* DATA SHOWN

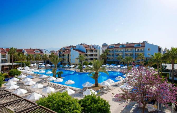 Гостиница расположена на берегу Средиземного моря. В пределах комплекса есть большая территория, на которой есть зоны для отдыха, бассейны, рестораны, тренажерные залы и не только. Здесь можно забронировать семейный номер со всеми удобствами. В номере можно пользоваться электрочайником, тостером, плиткой. Есть отдельный санузел и душевая, фен, телевизор, телефон и банные принадлежности, сейф. Гости отеля могут пользоваться зоной кухни, где есть микроволновая печь в наличии. На территории отеля можно пользоваться парковкой автомобиля, услугами прачечной, химчистки, SPA-центром. Можно взять напрокат автомобиль или заказать такси. Для отдыхающих на территории работают несколько бассейнов (открытый и крытый), которые работают в зависимости от времени года, игровые автоматы, площадки для пляжного волейбола, большого тенниса. За дополнительную плату можно поиграть в водные виды спорта. Для детей в отеле работает детский клуб, игровая площадка, которая оснащена антиударным покрытием, детский бассейн с горкой, дискотека, анимация. За дополнительную плату можно взять напрокат детскую коляску. В ресторане есть стульчики для кормления, переносное кресло, подогреватель для бутылочек. На территории работает основной ресторан и A la carte ресторан, а также несколько баров, где можно попробовать вкусные национальные блюда и выпить напитки местного производства.
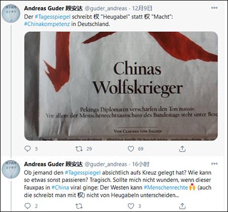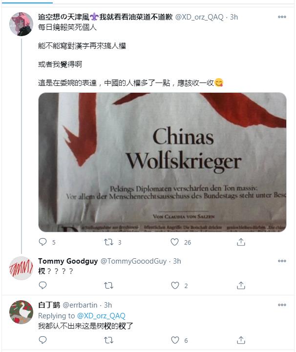 德國漢學專家顧安達也發推吐槽:「這是誰故意要整《每日鏡報》嗎?不然怎麼會發生這種事?太悲劇了。如果這個失誤在中國傳開了我也不會感到驚訝:西方竟然連人權的『權』和『杈』都分不清……」
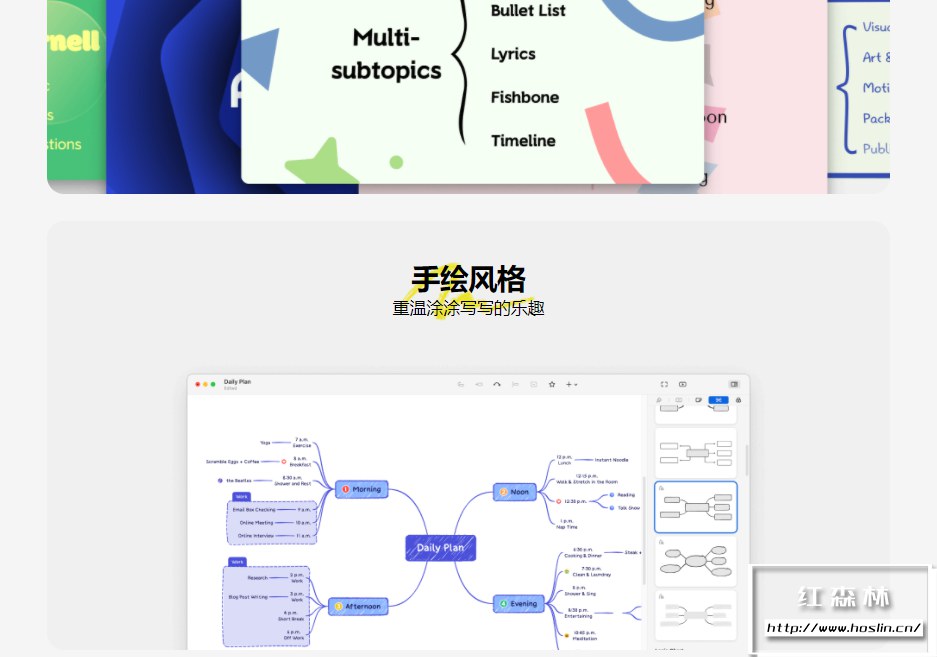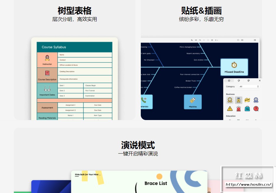 • 结构化呈现想法:利用合适的导图结构将模糊的观点具体化,将抽象的思维变成可执行的计划。通过充分的深度思考,跨越想到和做到的巨大鸿沟,让想法真正落地。

* ABOUT THIS EXERCISE
Everything in the listing except the pictures must come back exactly as written.

* TASK RESULT
 Гостиница расположена на берегу Средиземного моря. В пределах комплекса есть большая территория, на которой есть зоны для отдыха, бассейны, рестораны, тренажерные залы и не только. Здесь можно забронировать семейный номер со всеми удобствами. В номере можно пользоваться электрочайником, тостером, плиткой. Есть отдельный санузел и душевая, фен, телевизор, телефон и банные принадлежности, сейф. Гости отеля могут пользоваться зоной кухни, где есть микроволновая печь в наличии. На территории отеля можно пользоваться парковкой автомобиля, услугами прачечной, химчистки, SPA-центром. Можно взять напрокат автомобиль или заказать такси. Для отдыхающих на территории работают несколько бассейнов (открытый и крытый), которые работают в зависимости от времени года, игровые автоматы, площадки для пляжного волейбола, большого тенниса. За дополнительную плату можно поиграть в водные виды спорта. Для детей в отеле работает детский клуб, игровая площадка, которая оснащена антиударным покрытием, детский бассейн с горкой, дискотека, анимация. За дополнительную плату можно взять напрокат детскую коляску. В ресторане есть стульчики для кормления, переносное кресло, подогреватель для бутылочек. На территории работает основной ресторан и A la carte ресторан, а также несколько баров, где можно попробовать вкусные национальные блюда и выпить напитки местного производства.
 德國漢學專家顧安達也發推吐槽:「這是誰故意要整《每日鏡報》嗎?不然怎麼會發生這種事?太悲劇了。如果這個失誤在中國傳開了我也不會感到驚訝:西方竟然連人權的『權』和『杈』都分不清……」
 • 结构化呈现想法:利用合适的导图结构将模糊的观点具体化,将抽象的思维变成可执行的计划。通过充分的深度思考,跨越想到和做到的巨大鸿沟,让想法真正落地。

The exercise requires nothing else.